Any pictures in the records below must be left out when you repeat the lines from the line containing "أصيب عدة أشخاص" through the line containing "Denna roliga, retrodesign" exactly.

*** Block opens ***

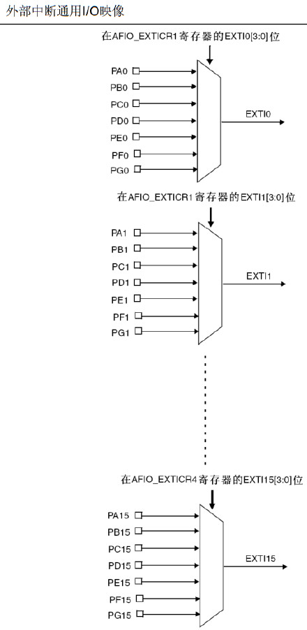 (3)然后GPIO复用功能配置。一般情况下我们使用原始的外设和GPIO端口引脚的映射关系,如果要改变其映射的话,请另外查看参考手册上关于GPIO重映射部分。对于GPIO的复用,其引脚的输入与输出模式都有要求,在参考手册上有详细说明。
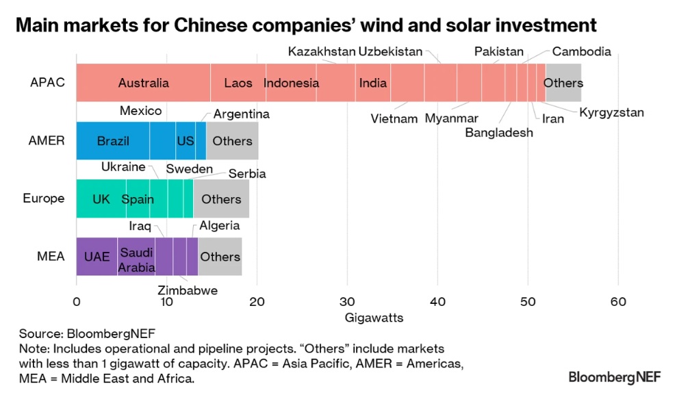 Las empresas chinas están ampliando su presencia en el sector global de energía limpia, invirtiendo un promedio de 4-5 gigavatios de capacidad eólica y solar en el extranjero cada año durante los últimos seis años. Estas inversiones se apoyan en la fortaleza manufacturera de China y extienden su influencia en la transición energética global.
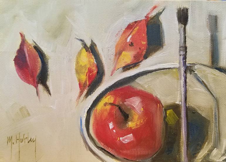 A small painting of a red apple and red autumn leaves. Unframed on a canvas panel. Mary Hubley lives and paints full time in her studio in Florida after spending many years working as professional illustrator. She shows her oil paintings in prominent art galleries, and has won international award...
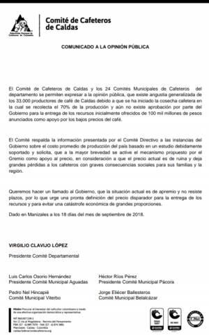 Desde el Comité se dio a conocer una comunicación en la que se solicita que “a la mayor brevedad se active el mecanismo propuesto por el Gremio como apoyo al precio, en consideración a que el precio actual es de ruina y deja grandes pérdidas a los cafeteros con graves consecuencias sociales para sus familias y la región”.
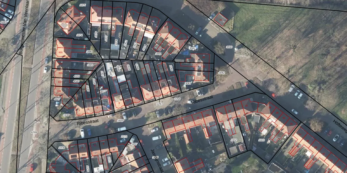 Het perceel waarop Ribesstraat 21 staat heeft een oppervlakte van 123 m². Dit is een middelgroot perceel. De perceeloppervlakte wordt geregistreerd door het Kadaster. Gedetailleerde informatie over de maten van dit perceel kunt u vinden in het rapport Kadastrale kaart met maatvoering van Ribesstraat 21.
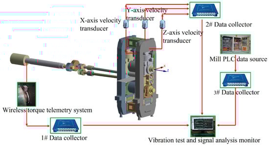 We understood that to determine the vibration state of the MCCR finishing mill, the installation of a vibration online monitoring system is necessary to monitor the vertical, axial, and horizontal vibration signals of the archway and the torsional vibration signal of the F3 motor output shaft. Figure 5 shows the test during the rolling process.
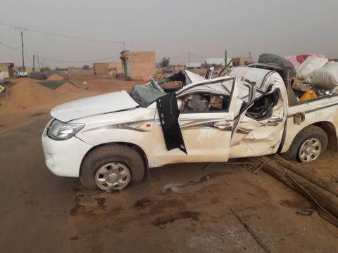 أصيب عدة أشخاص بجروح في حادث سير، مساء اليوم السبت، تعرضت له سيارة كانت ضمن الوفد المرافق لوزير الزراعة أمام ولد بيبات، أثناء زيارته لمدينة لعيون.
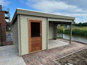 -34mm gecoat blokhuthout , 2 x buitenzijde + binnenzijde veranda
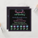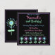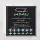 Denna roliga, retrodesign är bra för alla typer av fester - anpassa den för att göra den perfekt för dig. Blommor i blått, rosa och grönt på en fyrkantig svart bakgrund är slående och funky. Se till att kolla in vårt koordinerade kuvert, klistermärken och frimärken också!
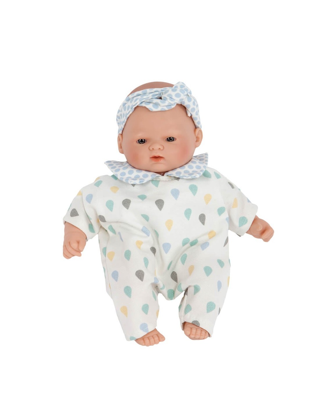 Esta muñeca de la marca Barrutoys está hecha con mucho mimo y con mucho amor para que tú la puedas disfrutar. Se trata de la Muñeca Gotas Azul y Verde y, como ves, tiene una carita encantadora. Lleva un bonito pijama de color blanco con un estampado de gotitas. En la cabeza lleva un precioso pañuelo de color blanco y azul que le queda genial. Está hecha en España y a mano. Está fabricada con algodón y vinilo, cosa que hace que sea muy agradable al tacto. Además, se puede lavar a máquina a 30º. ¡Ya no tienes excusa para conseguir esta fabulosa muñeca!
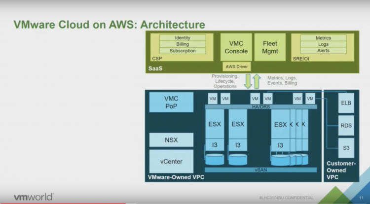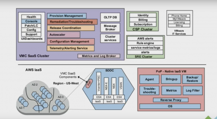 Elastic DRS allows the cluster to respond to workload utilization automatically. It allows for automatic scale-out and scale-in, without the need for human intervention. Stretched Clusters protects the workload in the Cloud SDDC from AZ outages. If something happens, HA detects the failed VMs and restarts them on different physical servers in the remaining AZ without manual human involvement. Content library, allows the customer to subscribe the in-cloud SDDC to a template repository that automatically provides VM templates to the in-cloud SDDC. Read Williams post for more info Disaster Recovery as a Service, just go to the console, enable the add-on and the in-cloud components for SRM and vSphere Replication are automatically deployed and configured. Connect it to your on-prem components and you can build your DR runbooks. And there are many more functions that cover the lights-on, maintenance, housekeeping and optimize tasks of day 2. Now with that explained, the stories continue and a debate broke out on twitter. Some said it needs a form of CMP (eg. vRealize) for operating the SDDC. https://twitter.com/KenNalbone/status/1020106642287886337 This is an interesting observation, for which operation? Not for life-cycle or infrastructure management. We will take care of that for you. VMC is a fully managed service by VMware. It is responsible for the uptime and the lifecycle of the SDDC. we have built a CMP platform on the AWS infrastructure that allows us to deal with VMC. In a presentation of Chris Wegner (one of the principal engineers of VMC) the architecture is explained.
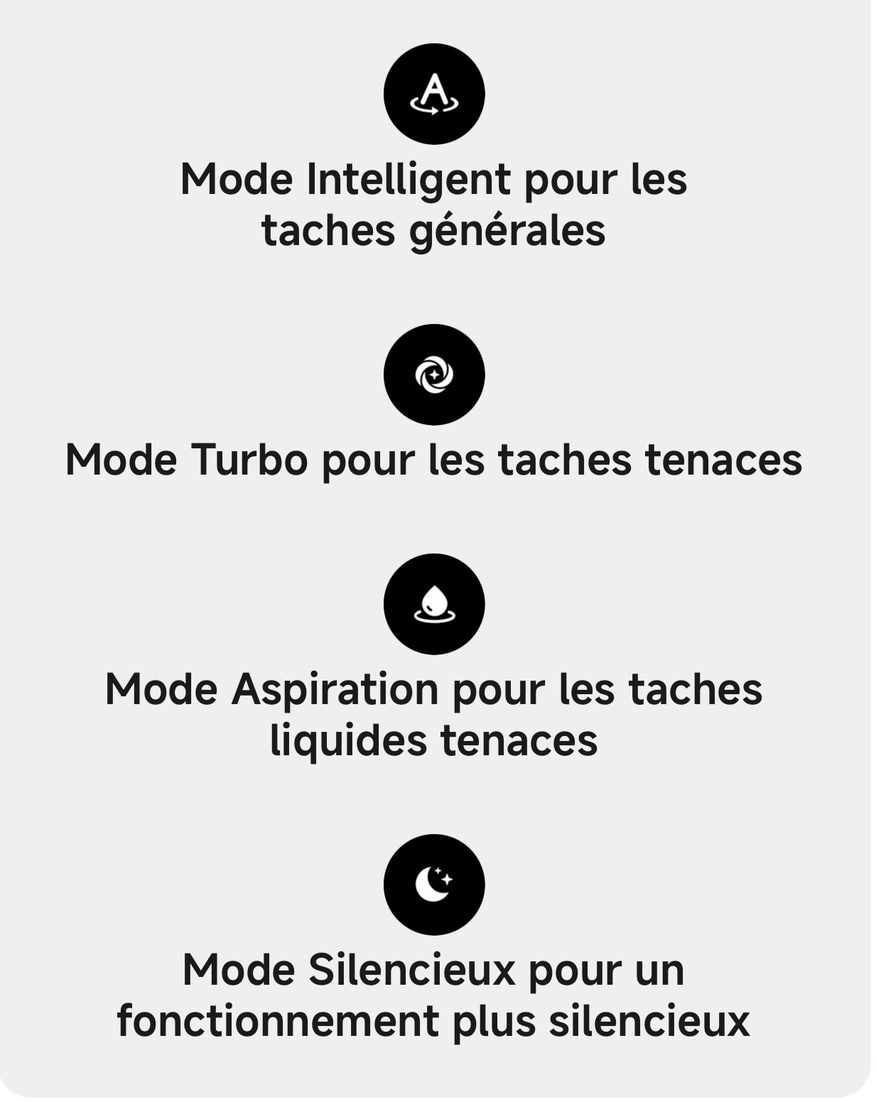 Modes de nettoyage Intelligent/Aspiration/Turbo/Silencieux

*** Block closes ***

SOLUTION »
 أصيب عدة أشخاص بجروح في حادث سير، مساء اليوم السبت، تعرضت له سيارة كانت ضمن الوفد المرافق لوزير الزراعة أمام ولد بيبات، أثناء زيارته لمدينة لعيون.
 -34mm gecoat blokhuthout , 2 x buitenzijde + binnenzijde veranda
 Denna roliga, retrodesign är bra för alla typer av fester - anpassa den för att göra den perfekt för dig. Blommor i blått, rosa och grönt på en fyrkantig svart bakgrund är slående och funky. Se till att kolla in vårt koordinerade kuvert, klistermärken och frimärken också!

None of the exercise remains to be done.